Aceh Timur /angkatberita.id — Menyusul beredarnya pemberitaan dugaan keracunan menu Makan Bergizi Gratis (MBG) yang dialami puluhan balita dan pelajar di Kecamatan Indra Makmu, Kabupaten Aceh Timur.
Peristiwa itu terjadi pada Jumat, 23 Januari 2026, ketika sedikitnya 18 balita dan anak-anak dari Desa Bandar Baro, Blang Nisam, mengalami keluhan kesehatan seperti mual, muntah, diare, dan sakit perut setelah mengonsumsi menu MBG. Para korban sempat dilarikan ke sejumlah fasilitas kesehatan, termasuk Puskesmas Indra Makmu, untuk mendapatkan penanganan medis.
Berdasarkan informasi yang beredar sebelumnya, para pasien diduga mengalami gangguan pencernaan usai mengonsumsi makanan MBG yang disalurkan oleh Satuan Pelayanan Pemenuhan Gizi (SPPG) Blang Nisam, dengan menu antara lain semangka, bihun, bakso, tahu, dan sayuran. Gejala mulai dirasakan sejak Jumat sore sekitar pukul 16.00 WIB.
Pada Sabtu, 24 Januari 2026, sejumlah orang tua korban yang ditemui media di Puskesmas Indra Makmu menyampaikan sikap mereka terkait kejadian tersebut. Para orang tua mengaku khawatir atas kondisi anak-anak mereka, namun memilih untuk tidak langsung menyalahkan pihak tertentu.
“Kami jelas khawatir karena anak kami sakit, Tapi kami juga tidak mau langsung memvonis siapa yang salah. Kami hanya minta agar kejadian seperti ini dievaluasi secara menyeluruh supaya tidak terulang lagi,” ujar salah satu orang tua korban.
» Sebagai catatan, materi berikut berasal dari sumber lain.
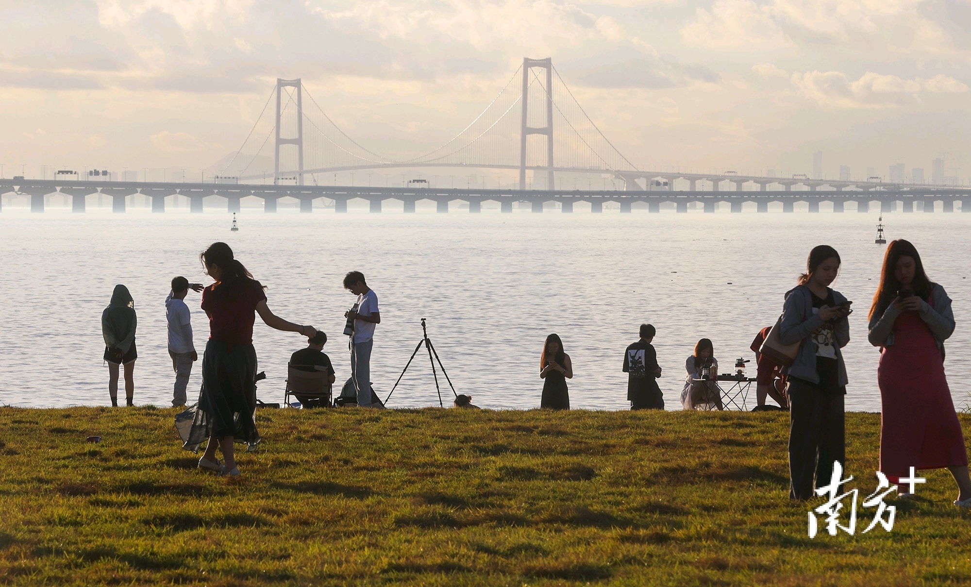 不少游客来到深中通道日出观赏点拍照。

Program MBG pada dasarnya sangat membantu, namun aspek keamanan dan kualitas makanan harus menjadi perhatian utama. “Programnya bagus, tapi tolong pengawasannya diperketat.agar Anak-anak ini bisa menikmati program MBG seperti yang kita harapkan,” katanya.
Sementara itu, Kepala SPPG Blang Nisam, Bagas Pamungkas, menjelaskan bahwa pihaknya telah menjalankan prosedur sesuai dengan petunjuk teknis (juknis) yang berlaku, mulai dari seleksi bahan baku, proses memasak yang diawasi, hingga pendistribusian makanan ke titik penyaluran.
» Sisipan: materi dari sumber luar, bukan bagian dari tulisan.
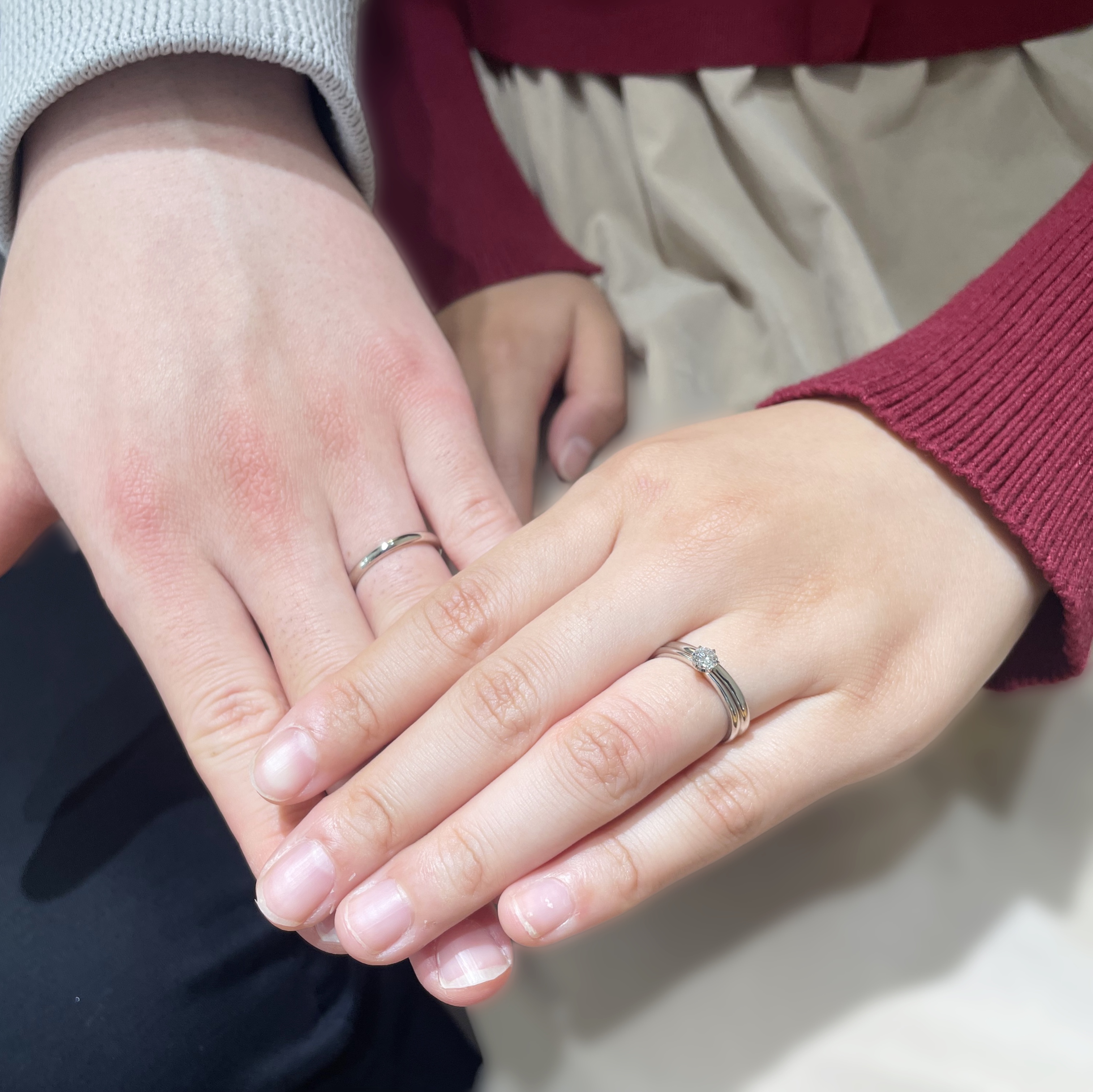 マリッジリングはシンプルなデザインというイメージが強かったおふたり![]()

“Kami sudah bekerja sesuai aturan dan standar yang ditetapkan. Namun kami juga tidak berani menyimpulkan benar atau salah sebelum ada hasil pemeriksaan dari pihak berwenang,” ujar Bagas.
Sebagai langkah antisipasi, SPPG Blang Nisam memutuskan menghentikan sementara operasional penyaluran MBG sambil menunggu hasil evaluasi dan pemeriksaan lanjutan dari instansi terkait. Diketahui, SPPG Blang Nisam selama ini melayani sekitar 2.805 penerima manfaat program MBG.
Sementara ini Sebagian korban telah diperbolehkan pulang, lainnya masih menjalani observasi medis. Pihak berwenang, termasuk Dinas Kesehatan Kabupaten Aceh Timur, masih melakukan pendalaman untuk memastikan penyebab pasti dugaan gangguan kesehatan tersebut.